== Data excerpts

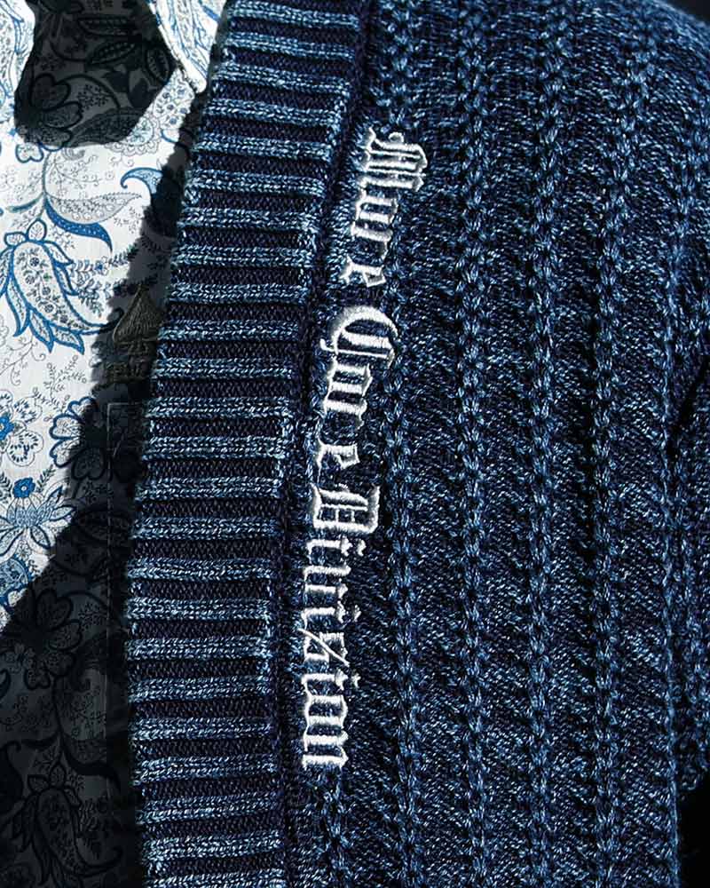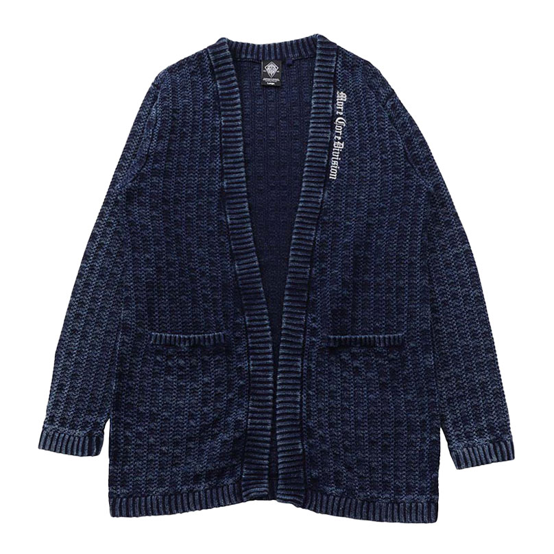 インディゴ染めのデニム風ニットカーティガン。
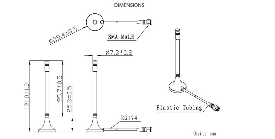 Item Specifications Antenna Frequency Range 2400~2483.5MHz Polarization Linear Gain(Zenith) 2.0dBi V.S.W.R(min) <2.0 Impedance 50Ω Mechanical Cable RG174 Connector SMA or others Mounting Method Magnet Environmental Operating Temperature -40℃~+85℃ Vibration 10 to 55Hz with 1.5mm amplitude 2hours Environmentally Friendly ROHS Compliant
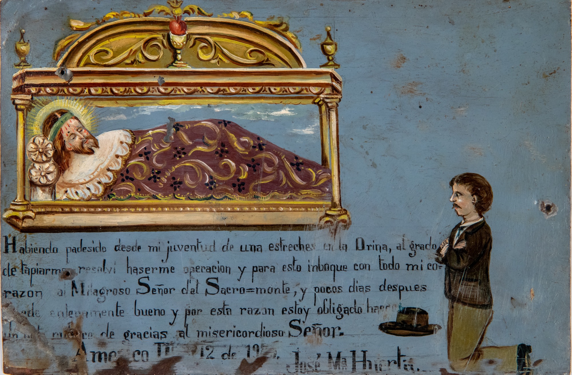 English Translation: “Having suffered since my youth from a tight bladder and urinary tract, to the point of filling up completely, I decided to have an operation and for this I prayed with all my heart to the miraculous Señor del Sacromonte, and a few days later [illegible] completely well and for this reason I am obliged to do give thanks to the merciful Lord. [illegible] [illegible] 12th day of 19(?)5. José Mahierta.”
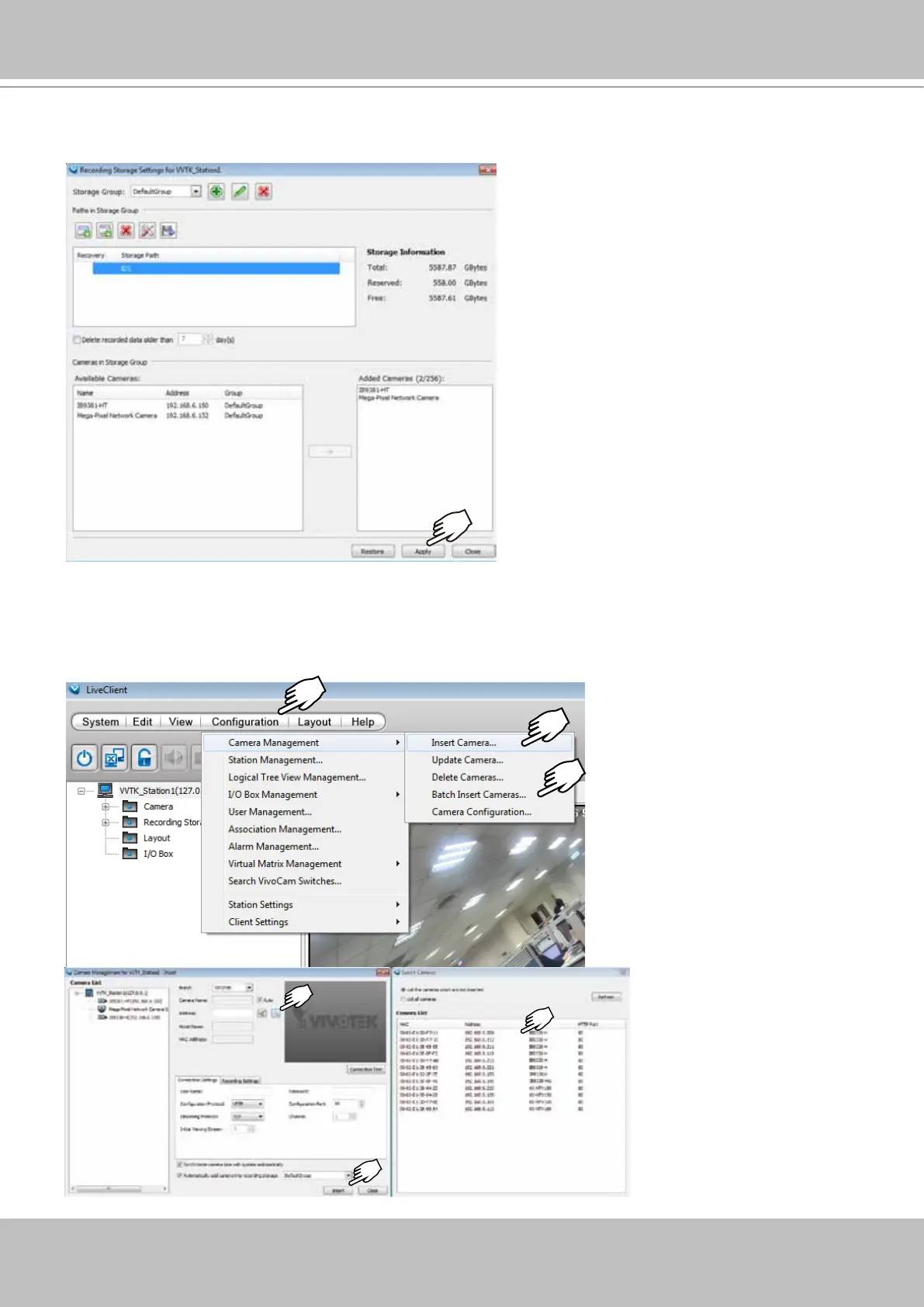 26. Open the Camera Management > Insert Camera or Batch Insert Cameras window.
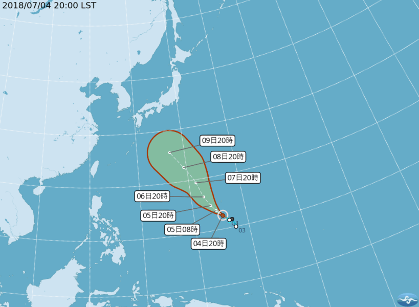 在關島附近的熱帶性低氣壓於4日晚間8點增強為輕度颱風「瑪莉亞」,目前以每小時14公里速度,向西北進行。林定宜4日下午3時受訪時曾推測,「未來將往日本方向移動,目前看起來對台灣沒有直接影響。」因為颱風目前距離台灣還算遙遠,必須密切觀察留意未來走向。
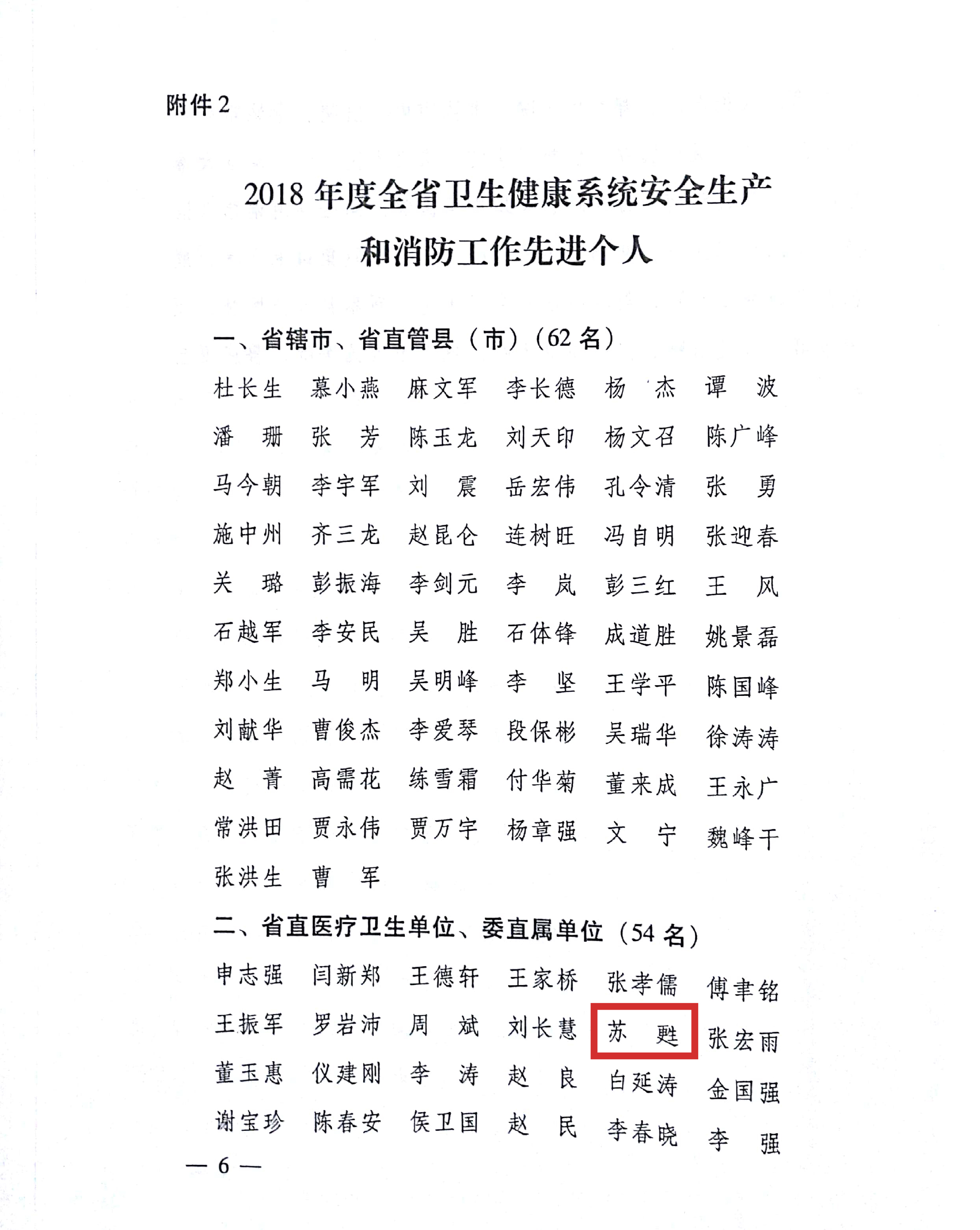 2018年,我院以党的十九大精神为指导,全面贯彻落实习近平总书记关于安全生产工作重要论述,牢固树立安全发展理念,安全生产和消防工作年度目标顺利实现。根据年度两次安全生产和消防工作大检查及年终考核情况,结合河南省消防安全委员会情况反馈,经综合评定,我院被河南省卫生健康委评为“2018年度卫生健康系统安全生产和消防工作先进单位”,我院苏甦、仲斌被评为“2018年度卫生健康系统安全生产和消防工作先进个人”。
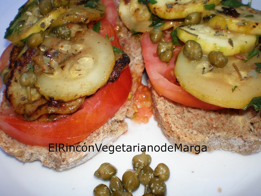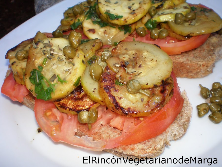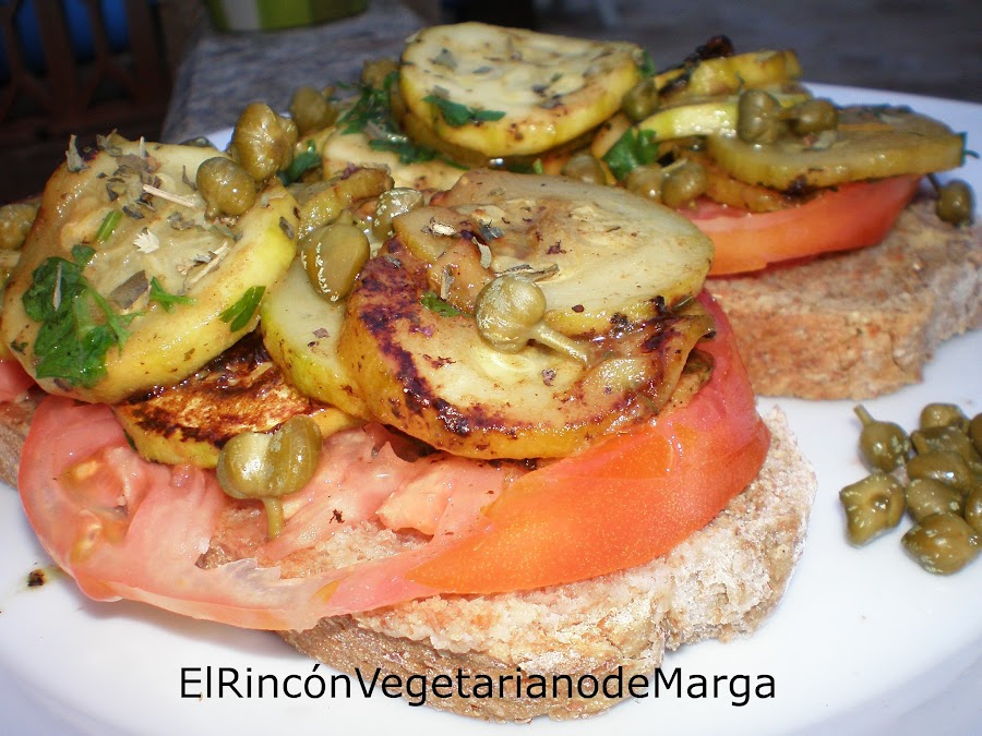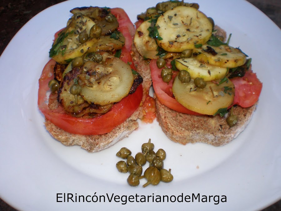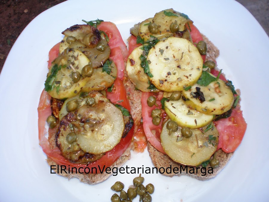 Pan moreno integral, 2 calabacines, 1 tomate grande, un puñado de alcaparras, perejil fresco, sal marina y orégano seco, aceite de oliva virgen.
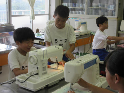 5年生が、初めてミシン学習に挑戦していました。今日は、直線縫いで、練習布をしっかり縫っていました。多少曲がってしまった子もいましたが、よく頑張っていました。
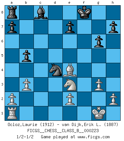 Last move : 1/2-1/2 2015 May 31 19:37:20 [Event "FICGS__CHESS__CLASS_B__000223"] [Site "FICGS"] [Date "2015.04.28"] [Round "1"] [White "Ocloz,Laurie"] [Black "van Dijk,Erik L."] [Result "1/2-1/2"] [WhiteElo "1912"] [BlackElo "1887"] 1.d4 Nf6 2.c4 g6 3.g3 Bg7 4.Nf3 O-O 5.Bg2 c6 6.Nc3 d5 7.cxd5 cxd5 8.O-O Ne4 9.Nxe4 dxe4 10.Ne5 Qd5 11.b3 f6 12.Nc4 Nc6 13.Bb2 f5 14.f3 b5 15.fxe4 fxe4 16.Rxf8+ Kxf8 17.Ne3 Bxd4 18.Qxd4 Qxd4 19.Bxd4 Nxd4 20.Bxe4 1/2-1/2 King's Indian : 3.g3 Kingside Castling by player Black (move 4) Kingside Castling by player White (move 8) This chess game ended in a draw. Follow this game move after move (download)Good positions don't win games, good moves do. (Gerald Abrahams) Schach ist mein Leben, meine Leidenschaft, was ich gelernt habe und seit meinem 14. Lebensjahr profimässig praktiziere. Darauf zu verzichten, würde mir sehr schwer fallen. (Viktor Kortschnoi) El juego de Damas es para vagabundos. (Paul Morphy) On a dit que l'homme se distingue de l'animal par le fait qu'il achète plus de livres qu'il ne peut en lire. Je voudrais suggérer qu'inclure à la liste des livres quelques livres d'échecs rendrait la distinction manifeste. (Edward Lasker) History is the quarrels of popes and kings, with wars or pestilences in every page; the men all so good for nothing, and hardly any women at all. (Jane Austen)
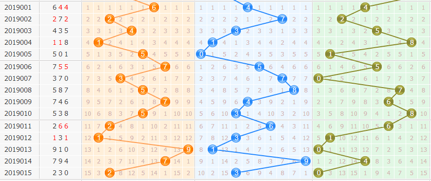 ③012路分析:为0路出2个,1路出0个,2路出1个;本期看好1路球出号,关注4码,综合分析看好,001 011路组合出号。
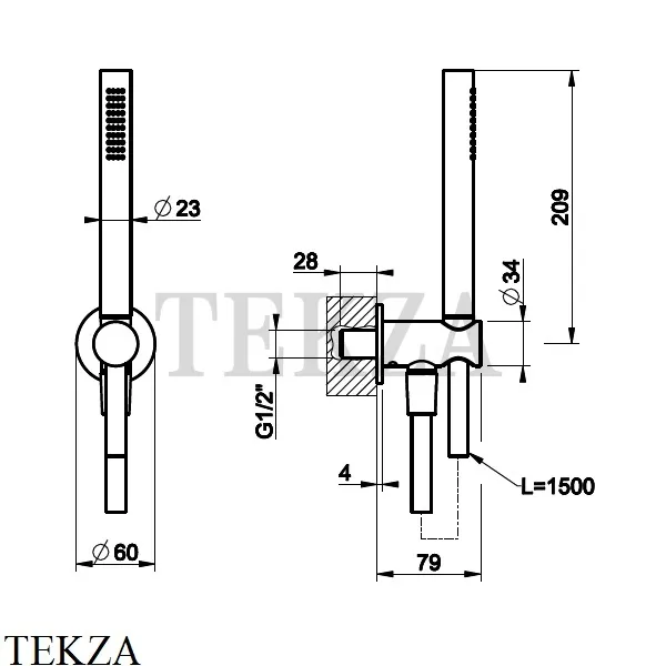 Шланг 1,50 м, душевая лейка с защитой от известкового налёта, держатель с выводом.
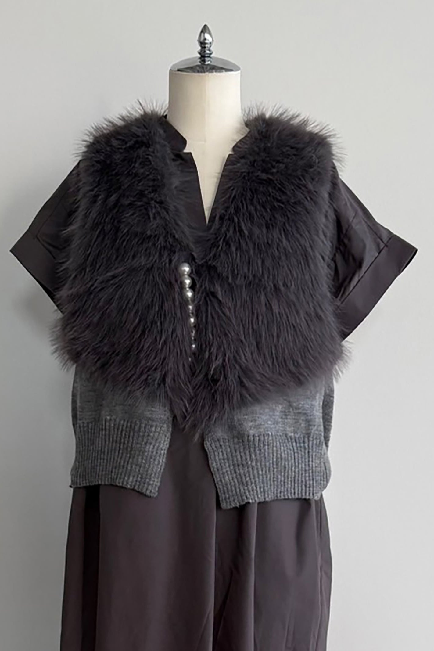 ふんわりとした毛足の長いフェイクファーとニットの異素材コンビが目を惹き、高級感を感じるベスト。

====

**Exercise**: With the pictures removed from your copy, retype the lines above from the one that contains "在關島附近的熱帶性低氣壓於4" through the one that contains "5年生が、初めてミシン学習に", exactly.

**Written answer**:
 在關島附近的熱帶性低氣壓於4日晚間8點增強為輕度颱風「瑪莉亞」,目前以每小時14公里速度,向西北進行。林定宜4日下午3時受訪時曾推測,「未來將往日本方向移動,目前看起來對台灣沒有直接影響。」因為颱風目前距離台灣還算遙遠,必須密切觀察留意未來走向。
 2018年,我院以党的十九大精神为指导,全面贯彻落实习近平总书记关于安全生产工作重要论述,牢固树立安全发展理念,安全生产和消防工作年度目标顺利实现。根据年度两次安全生产和消防工作大检查及年终考核情况,结合河南省消防安全委员会情况反馈,经综合评定,我院被河南省卫生健康委评为“2018年度卫生健康系统安全生产和消防工作先进单位”,我院苏甦、仲斌被评为“2018年度卫生健康系统安全生产和消防工作先进个人”。
 Pan moreno integral, 2 calabacines, 1 tomate grande, un puñado de alcaparras, perejil fresco, sal marina y orégano seco, aceite de oliva virgen.
 5年生が、初めてミシン学習に挑戦していました。今日は、直線縫いで、練習布をしっかり縫っていました。多少曲がってしまった子もいましたが、よく頑張っていました。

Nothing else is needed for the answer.